This book concerns industry creation as knowledge creation. The authors argue that a new class of global, knowledge-driven manufacturing industries has emerged in which learning, continuity, and speed define competition. In these new industries, access to knowledge creation processes matters more than ownership of physical assets. Location matters only insofar as it confers learning advantages and market access. Companies need strategies that can mobilize their organizations' country-specific strengths and freely leverage them in open, global learning partnerships with allies, suppliers, and customers. Managing New Industry Creation distills principles that managers can use to seize leadership for their companies as these new industries emerge.

The authors draw their insights from firsthand discussions with over 160 managers and scientists who helped found the high-information-content flat panel display (FPD) industry. In the early 1990s, large-format FPDs exploded into public knowledge as a critical enabling technology for notebook computers. In the future, FPDs will increasingly function as the face by which users interact with technology products. The book recounts the business decisions that propelled the industry from humble beginnings to empower a globally mobile workforce and eventually build wall-hanging, high definition televisions that every household can afford.

The FPD industry was the first new manufacturing industry to fully emerge in a global economy defined more by trade in knowledge than in physical products. Although FPDs were commercialized in Japan, the joint efforts of an international community of companies made high-volume production of large displays viable. Companies from outside of Japan—including IBM, Applied Materials, and Corning—achieved key positions by challenging U.S.-centered preconceptions of innovation, new business creation, and management process, giving unprecedented global authority and responsibility to their Japanese affiliates. Their success established new rules for competing in the knowledge-driven, global manufacturing industries of the future, first described here for managers, R&D scientists, academics, and students of corporate strategy.

About the authors

Tom Murtha and Stefanie Ann Lenway are Associate Professor and Professor of Strategic Management and Organization at the Carlson School of Management, University of Minnesota. Jeffrey A. Hart is Professor of Political Science at Indiana University.

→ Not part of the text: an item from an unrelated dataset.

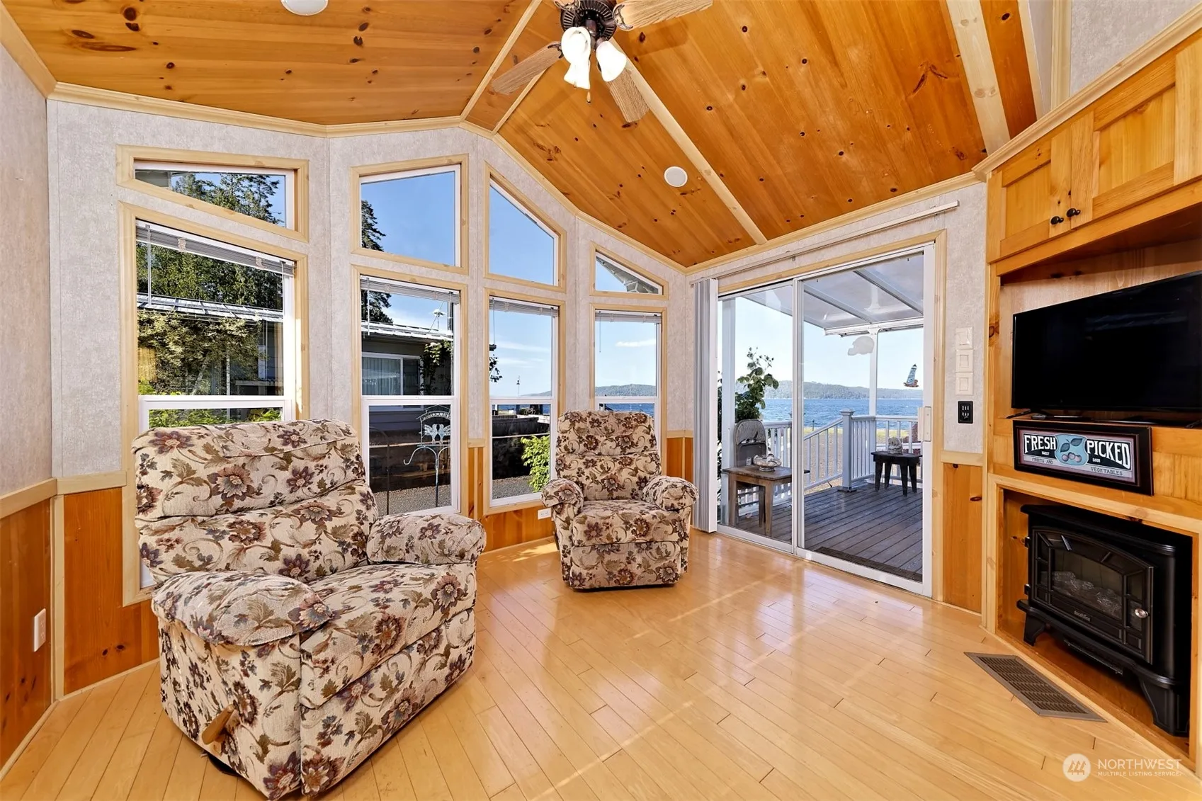 New Price! Live the Hood Canal tiny home life! This sweet spot sits in an amazing location w/ views that are hard to come by. It features 1 bedroom, 1 bath w/walk-in shower & large loft w/ample storage. Gorgeous cook-friendly kitchen w/stainless appliances. Living area includes vaulted ceilings, cozy fireplace & so much natural light. Bonus room, w/unique view, that is perfect to use for entertaining, hobbies or a media room. 2 large storage sheds on addition lot as well. Minerva Beach offers 285′ of gorgeous no bank frontage along the Hood Canal, as well as boat launch, kayak storage & waterfront clubhouse w/ guest suite. This well organized 55+ community is located next to Potlatch State Park & just 3 miles from downtown Hoodsport.

"Finally, a study that offers critical new insights into the complex issue of the evolution of global high-tech industries. This scholarly and painstakingly researched study of the flat panel display industry breaks new ground and represents a clear departure from traditional economic analysis. The authors have developed a fundamentally new and managerially relevant perspective by combining analysis of knowledge creation and industry evolution—people, cross-national teams, investments, and public policy—and by demystifying the glue that binds the apparently distinct roles played by firms and countries; a required reading for those who are concerned about innovation and competition in global industries."

—C.K. Prahalad, chairman, PRAJA, Inc., Harvey C. Fruehauf Professor

of Business Administration, University of Michigan Business School,

and coauthor, Competing for the Future

"Five years of intensive research and conscientious interaction with the display community have produced the only detailed, readable history of the flat panel display industry from early research in the 1960s to the turbulent, high-volume present. Some of the authors' conclusions will be controversial, but noncontroversial conclusions are a waste of time. This book is certainly not a waste of time—it is essential reading for everyone in the display industry and for anyone with a stake in global business management."

—Ken Werner, president, Nutmeg Consultants and editor, Information Display

"This book is a fascinating analysis of the emergence of the first "born global" industry, flat panel displays. It highlights the limits of both conventional business strategy thinking and traditional public policy making in helping us understand the emergence and development of global industries, and points to the dynamics of new global knowledge alliances that underpin the creation of new industries."

—Yves L. Doz, Timken Professor of Global Technology and Innovation, dean, Executive Education, INSEAD, and coauthor of Alliance Advantage

"In New Industry Creation, Murtha, Lenway, and Hart closely examine the birth process of a single high-tech industry. In this fascinating account, they draw valuable lessons about knowledge transfer across geographical boundaries, successful and unsuccessful interplay between research, product development, and manufacturing, and the role of management and governments. There is much here that applies to other industries, and we are reminded again that while sound strategies are important, in the end, details of execution matter."

—Frank Mayadas, program director, the Alfred P. Sloan Foundation

"This book is the definitive work on the emergence of the flat panel display industry. During the critical growth years, the authors conducted numerous in-depth interviews with the major players around the world. The result is a comprehensive picture of the real factors that determined the eventual winners, as well as valuable insights that apply to today's fast-moving, knowledge-based industries."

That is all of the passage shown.